• [Dataset excerpt]
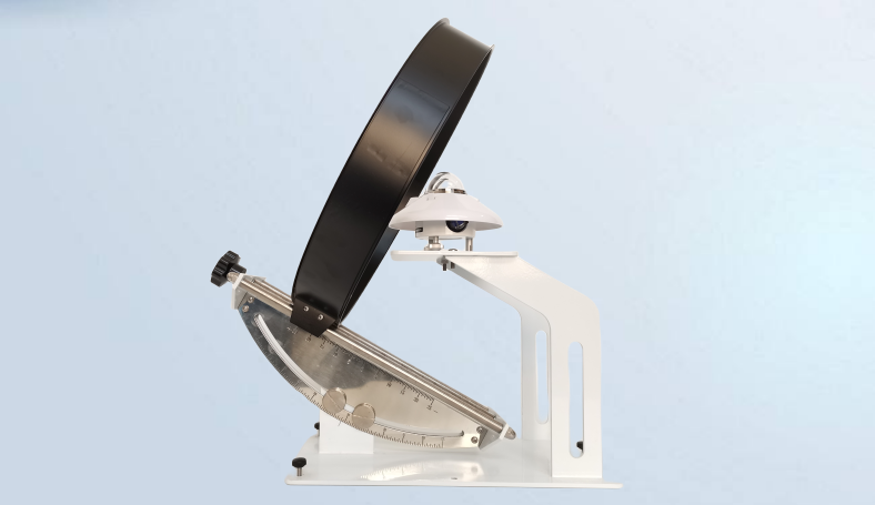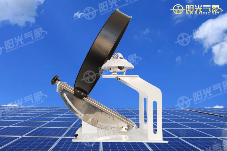 本装置设有宽度为65mm,直径为400mm的遮光环圈,固定在刻有纬度刻度与赤纬刻度标尺的丝杆调整螺旋上。标尺与支架固定在底盘上,根据架射地点的地理纬度而固定。总辐射表安装在支架平台上,其高度应正好使辐射感应平面(黑体)位于遮光环中心。通过调节赤纬度,可使遮光环全天遮住太阳的直接辐射。
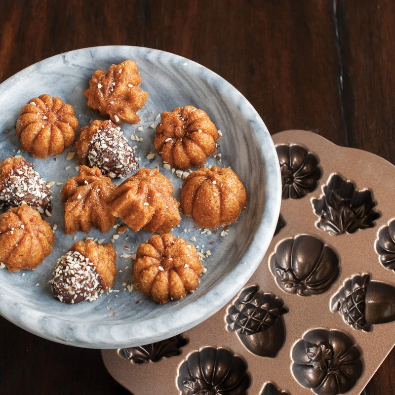 Bake delicious mini cakes with this Autumn Delights cakelet pan from Nordic Ware. This gold pan is made from cast aluminum so it’s tough and durable. The baking surface is nonstick so your cakes easily release from the cavities. The cavities feature leaf, pumpkin, and acorn shapes while integrated helper handles make transporting from oven to table simple. Even better, this pan is made in the USA and is backed by a manufacturer’s lifetime warranty.
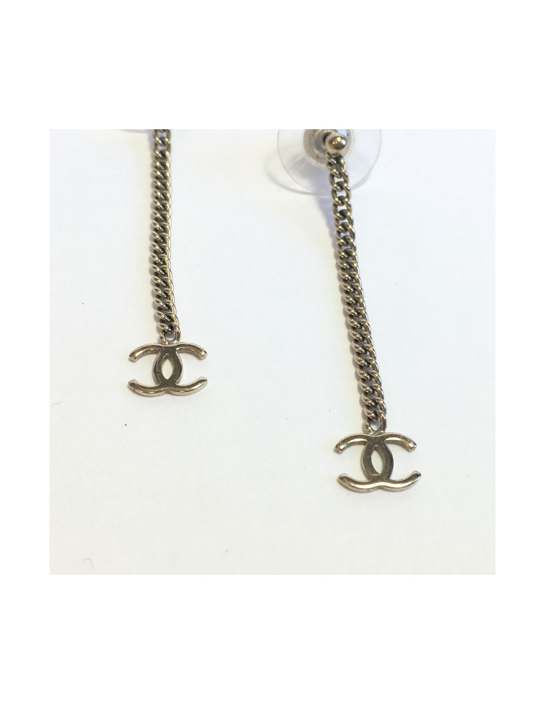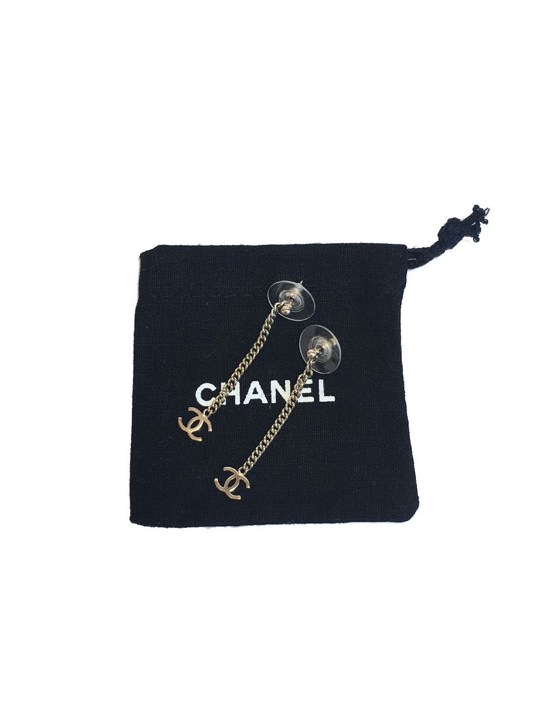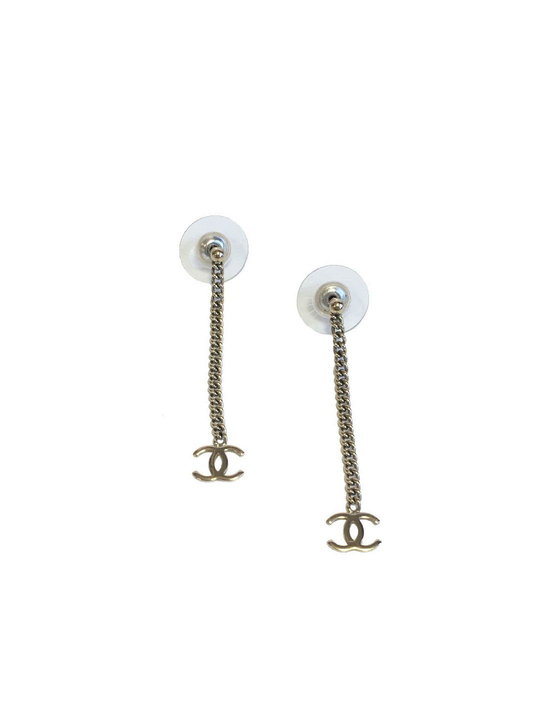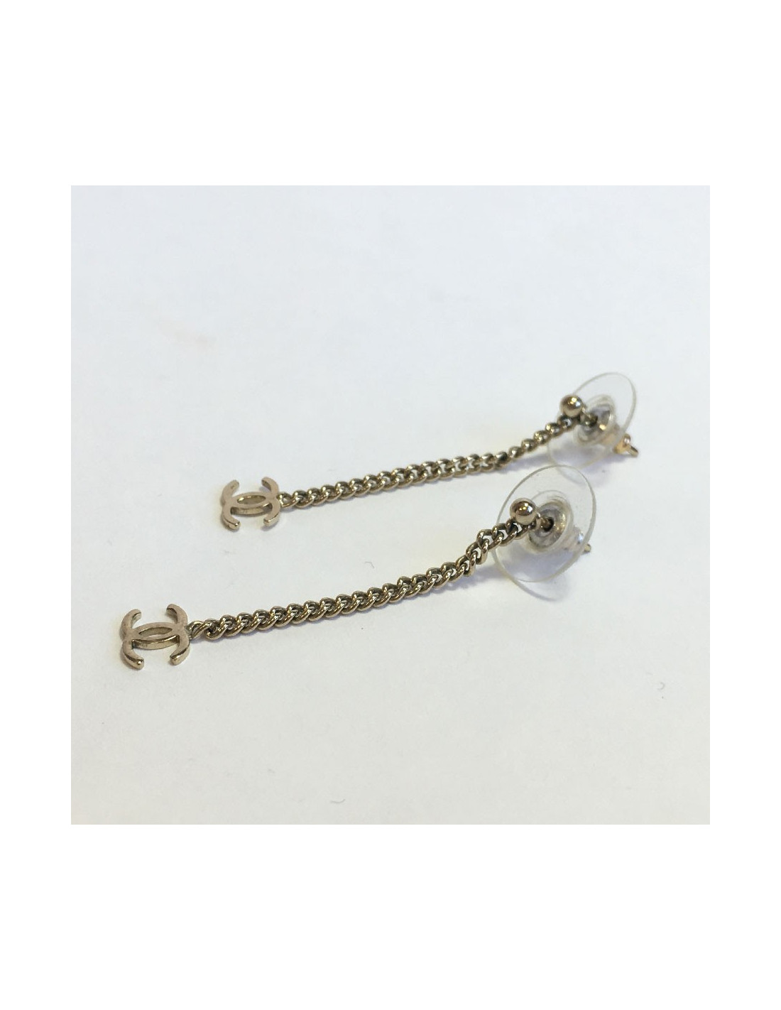 Boucles d'oreille clous CHANEL Pendantes en métal doré

• [Task statement]
Restate the listing word for word, pictures omitted.

• [Output of the exercise]
 本装置设有宽度为65mm,直径为400mm的遮光环圈,固定在刻有纬度刻度与赤纬刻度标尺的丝杆调整螺旋上。标尺与支架固定在底盘上,根据架射地点的地理纬度而固定。总辐射表安装在支架平台上,其高度应正好使辐射感应平面(黑体)位于遮光环中心。通过调节赤纬度,可使遮光环全天遮住太阳的直接辐射。
 Bake delicious mini cakes with this Autumn Delights cakelet pan from Nordic Ware. This gold pan is made from cast aluminum so it’s tough and durable. The baking surface is nonstick so your cakes easily release from the cavities. The cavities feature leaf, pumpkin, and acorn shapes while integrated helper handles make transporting from oven to table simple. Even better, this pan is made in the USA and is backed by a manufacturer’s lifetime warranty.
 Boucles d'oreille clous CHANEL Pendantes en métal doré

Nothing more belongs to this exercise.